The downtrend in price was accompanied by a sales transactions volume which fell by approximately 11% in the third quarter compared with the previous three months. Sales transactions from January to September of 2024 decreased by 8.1% as compared to the same period the previous year. In general, this reflected a more guarded attitude on the part of the buyers. 

The URA pointed out that though macroeconomic conditions have generally remained stable, uncertainty in short-term economic outlook has made the market mood very sensitive to geo-political events and changes in global interest rates. Some of the would-be buyers may have kept completing their purchases of homes in the third quarter in hope of the rate cut by the US Federal Reserve last September. 

Even as the URA predicted trimming, it sounded a cautionary note that Singapore’s mortgage rates are likely to be high compared to the record-low levels seen throughout the last decade. “Households should remain prudent when buying properties and taking up mortgage loans,” it said. 

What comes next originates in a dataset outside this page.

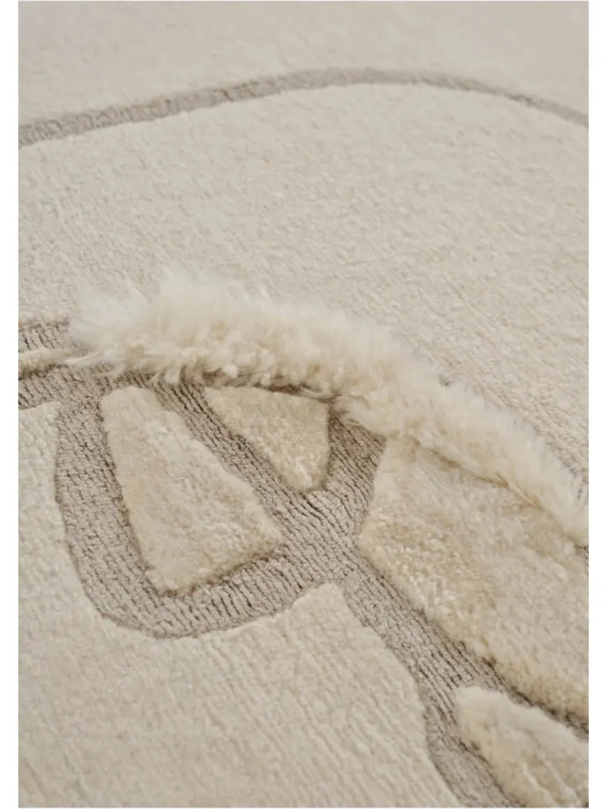 Duo Self er et elegant vævet kunstværk, hvor en håndtegnet linje i hør fremhæver abstrakte ansigtstræk i et stilfuldt, grafisk udtryk. Tæppet er håndlavet i New Zealand-uld og tilsat silke, hør og mohair, hvilket giver en rig teksturel dybde og et raffineret spil i overfladen. Med sin stærke, men rolige udstråling tilfører Duo Self et moderne og sofistikeret præg til ethvert rum.

The URA estimates are based on the contract prices and sales data which the real estate developers have submitted up until mid-September, but a more comprehensive report on property statistics for the third quarter has promised to come out on October 25. 

In contrast, in private market resale prices for HDB flats in Singapore increased 2.5% from the previous quarter, with resale volumes up by 20%. More than 80% of Singaporeans reside in public housing, leading local authorities to take some measures recently to temper the public housing market. However, the government will continue to monitor the property market and make relevant policy adjustments should that be necessary so as not to threaten a stable and sustainable property market, according to HDB.